▸ **ASSIGNED TASK**: The lines from the top of the material below through the line containing "GEEETECH ABS+ Filament" are to be printed exactly, with pictures omitted.

▸ **DATASET SECTION**:

====

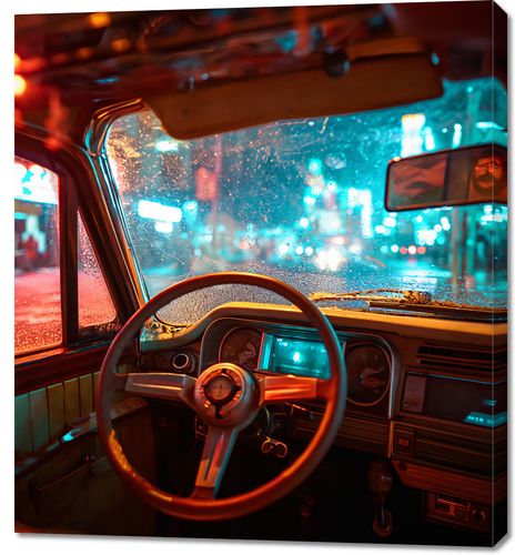 Obraz z serii pop art zatytułowany Nocny Kierowca, przedstawia widok z wnętrza klasycznego samochodu, patrząc przez deszczową, skraplaną szybę na rozświetlone neony miejskiego pejzażu nocą. Ciepłe, czerwone oświetlenie wnętrza samochodu kontrastuje z hipnotyzującym błękitem i elektrycznymi odcieniami świateł zewnętrznych, tworząc intymną, a jednocześnie dynamiczną atmosferę. Kropelki deszczu na szybie dodają tekstury i głębi, sprawiając, że scena jest zarówno realistyczna, jak i liryczna. To dzieło sztuki mogłoby znaleźć swoje miejsce w przestrzeniach nowoczesnych, miejskich loftów lub jako akcent w barze o tematyce retro, wprowadzając element tajemniczości i miejskiego romansu.
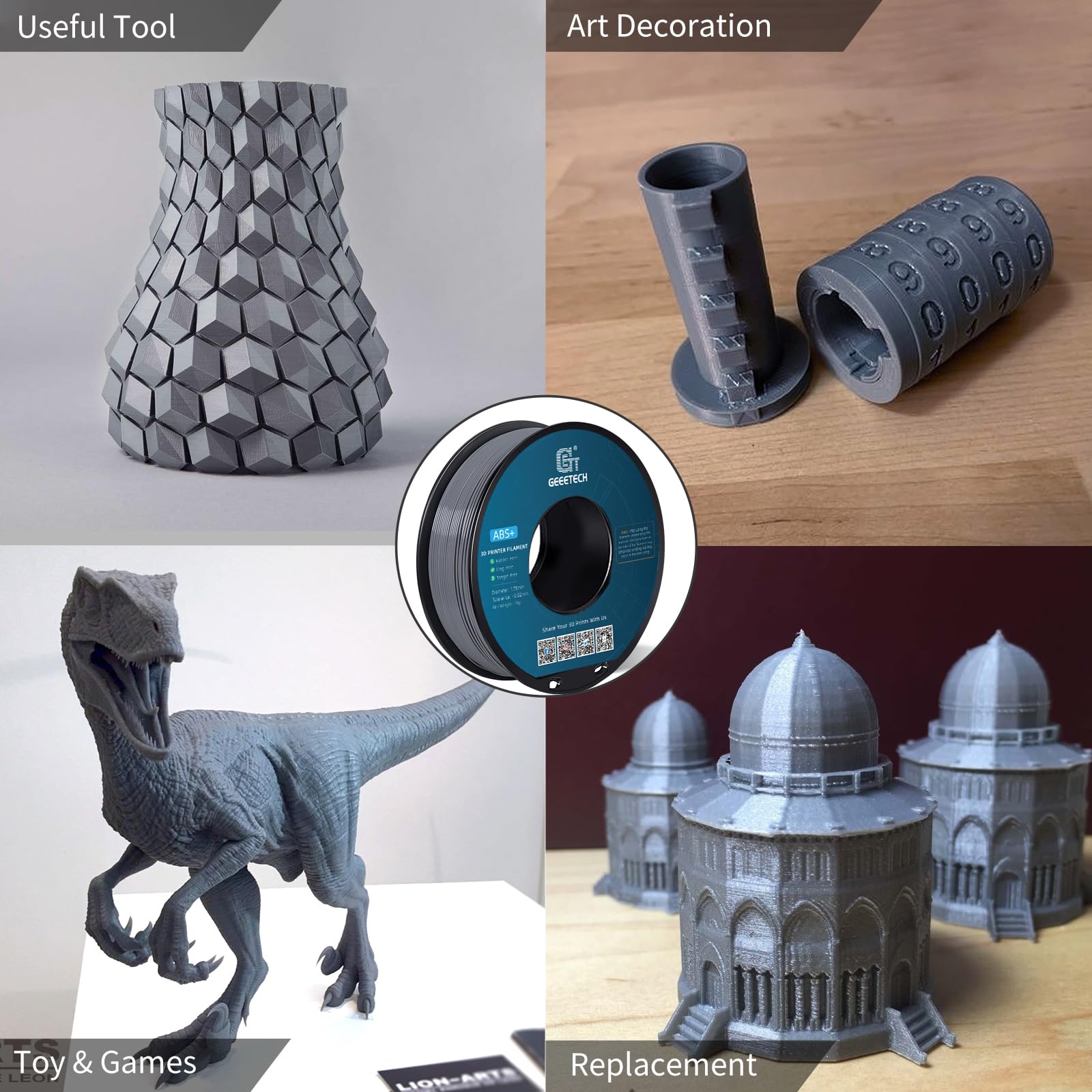 GEEETECH ABS+ Filament 1.75mm, 3D printer filament ABS 1KG spool, dimensional accuracy +/- 0.03mm, Grey
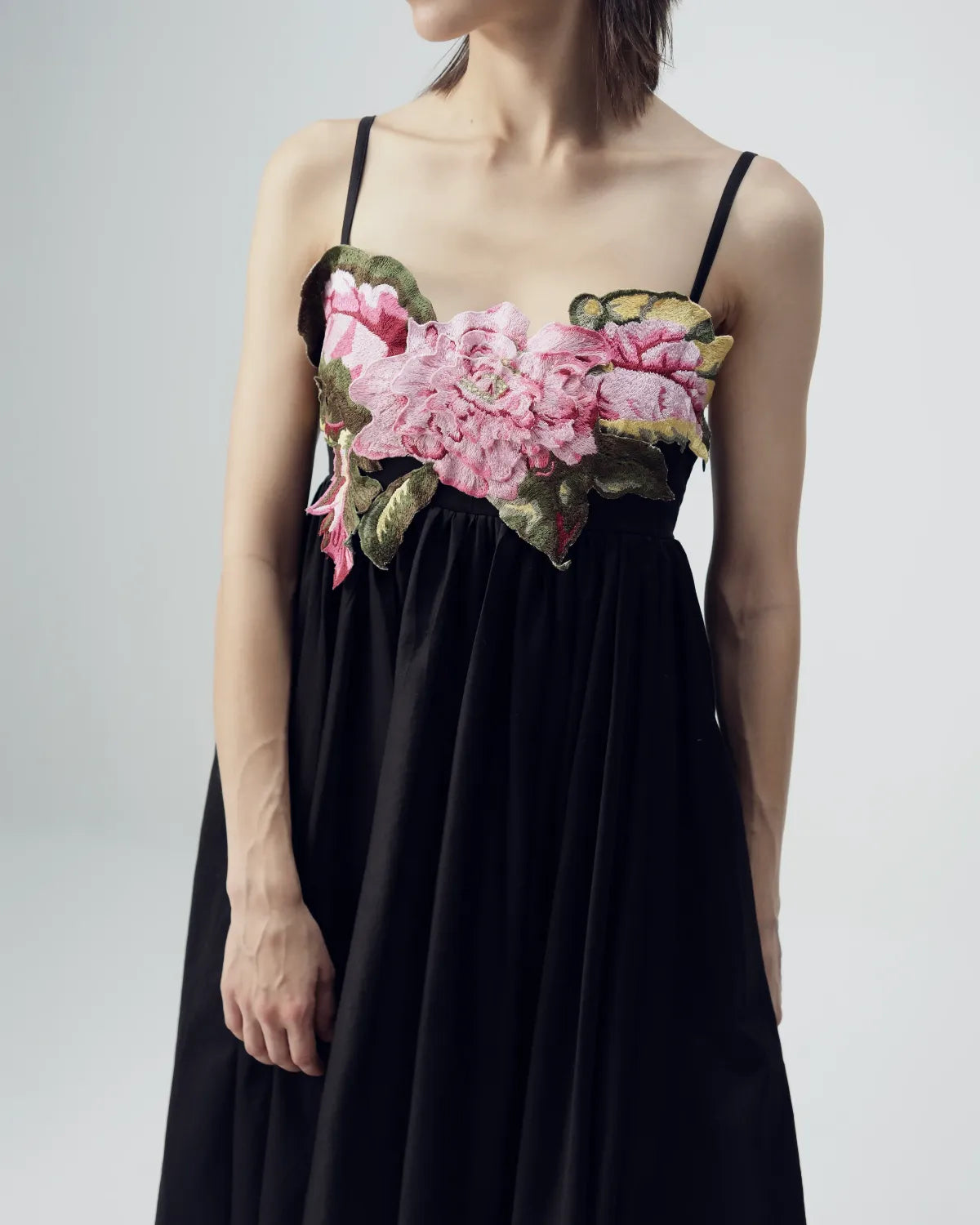 Elevate your wardrobe with this chic black midi dress, designed with a blend of minimal elegance and artistic detailing. The dress features delicate shoulder straps and a soft, flowy silhouette that falls gracefully below the knee. Its highlight is the beautifully crafted floral patch machine embroidery on the bodice—an intricate arrangement of pink blossoms and lush green leaves that adds a romantic, handcrafted charm to the otherwise sleek and modern design. Comfortable, lightweight, and effortlessly stylish, this dress makes a perfect choice for brunches, intimate gatherings, evening outings, or statement daywear.

====

▸ **SOLUTION**:
 Obraz z serii pop art zatytułowany Nocny Kierowca, przedstawia widok z wnętrza klasycznego samochodu, patrząc przez deszczową, skraplaną szybę na rozświetlone neony miejskiego pejzażu nocą. Ciepłe, czerwone oświetlenie wnętrza samochodu kontrastuje z hipnotyzującym błękitem i elektrycznymi odcieniami świateł zewnętrznych, tworząc intymną, a jednocześnie dynamiczną atmosferę. Kropelki deszczu na szybie dodają tekstury i głębi, sprawiając, że scena jest zarówno realistyczna, jak i liryczna. To dzieło sztuki mogłoby znaleźć swoje miejsce w przestrzeniach nowoczesnych, miejskich loftów lub jako akcent w barze o tematyce retro, wprowadzając element tajemniczości i miejskiego romansu.
 GEEETECH ABS+ Filament 1.75mm, 3D printer filament ABS 1KG spool, dimensional accuracy +/- 0.03mm, Grey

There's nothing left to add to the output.